Dataset section:
━━━━━━━━━━━━━━━━

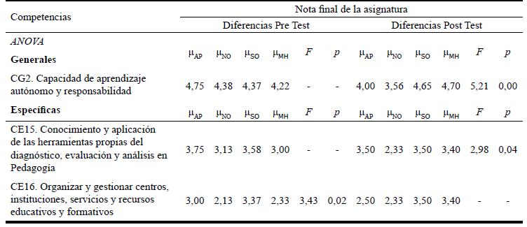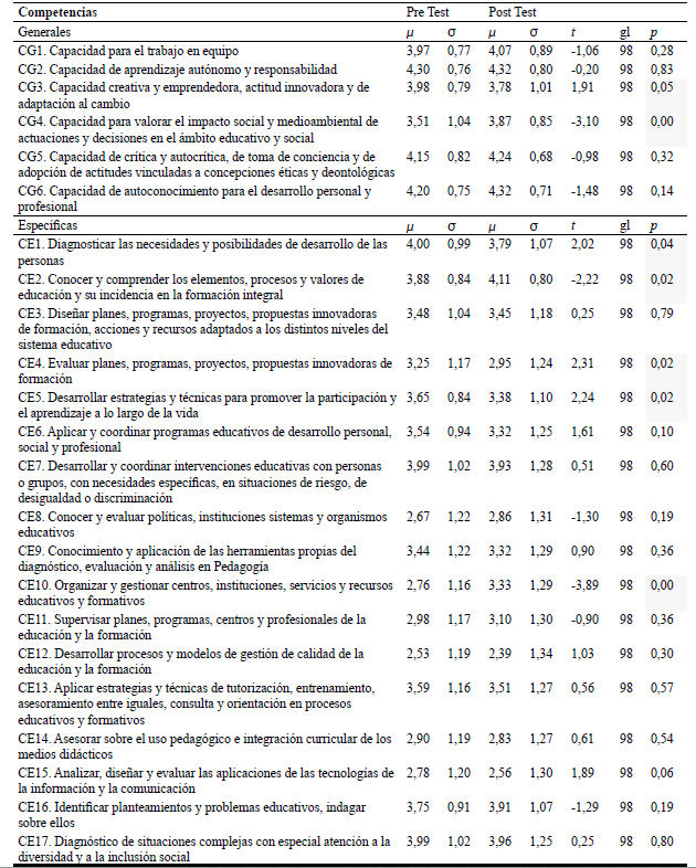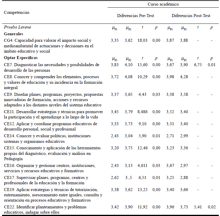 Se evidencian diferencias significativas en cuatro de las veintitrés competencias examinadas en la aplicación pre-test, vinculadas fundamentalmente a la capacidad emprendedora de los estudiantes (CG3), al diagnóstico de necesidades y posibilidades de desarrollo (CE1), a la evaluación de planes, programas y proyectos (CE4) y al desarrollo de estrategias que promuevan la participación (CE5). Respecto a la aplicación post-test, existen diferencias significativas en tres de las competencias, vinculadas a la capacidad para valorar el impacto social y medioambiental de las actuaciones como pedagogos (CG4), a la capacidad de conocer y comprender los elementos y procesos educativos (CE2) y a la organización y gestión de centros, instituciones o servicios (CE10).
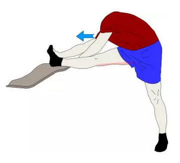 起始位置:把腿放在桌子、椅子或其他物体上,膝盖必须保持伸直。
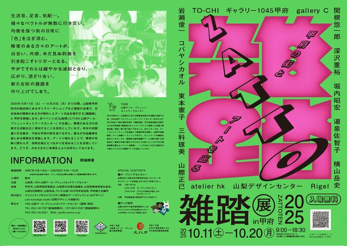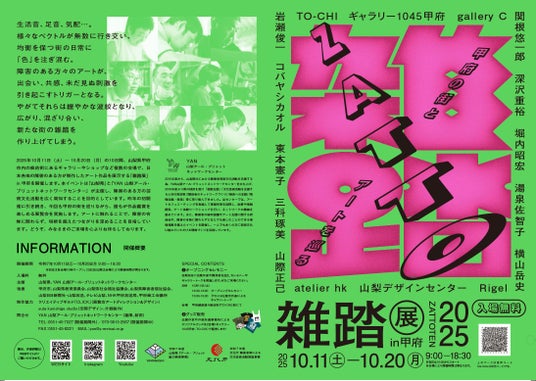 山梨県(知事 長崎幸太郎)は、県内外の障害のある方が制作した芸術上価値の高い作品を集めた企画展「甲府の街とアートを巡る『雑踏展』2025」(以下、雑踏展)を、10月11日(土)から開催します。
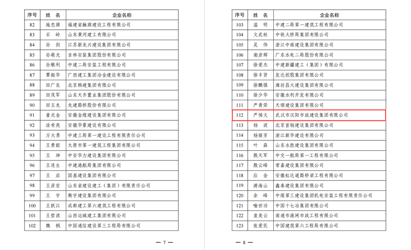 近日,中國施工企業(yè)管理協(xié)會傳來好消息,漢陽市政黨委書記、董事長嚴悌文榮獲“2021年工程建設(shè)誠信企業(yè)家”,漢陽市政七公司總工程師羅艷明榮獲“2021年工程建設(shè)誠信項目經(jīng)理”。

━━━━━━━━━━━━━━━━

Goal of the exercise: From the line containing "山梨県(知事 長崎幸太郎)は" through the last line of the listing, inclusive, transcribe every line exactly and nothing else; the pictures stay out.

Answer to this problem:
 山梨県(知事 長崎幸太郎)は、県内外の障害のある方が制作した芸術上価値の高い作品を集めた企画展「甲府の街とアートを巡る『雑踏展』2025」(以下、雑踏展)を、10月11日(土)から開催します。
 近日,中國施工企業(yè)管理協(xié)會傳來好消息,漢陽市政黨委書記、董事長嚴悌文榮獲“2021年工程建設(shè)誠信企業(yè)家”,漢陽市政七公司總工程師羅艷明榮獲“2021年工程建設(shè)誠信項目經(jīng)理”。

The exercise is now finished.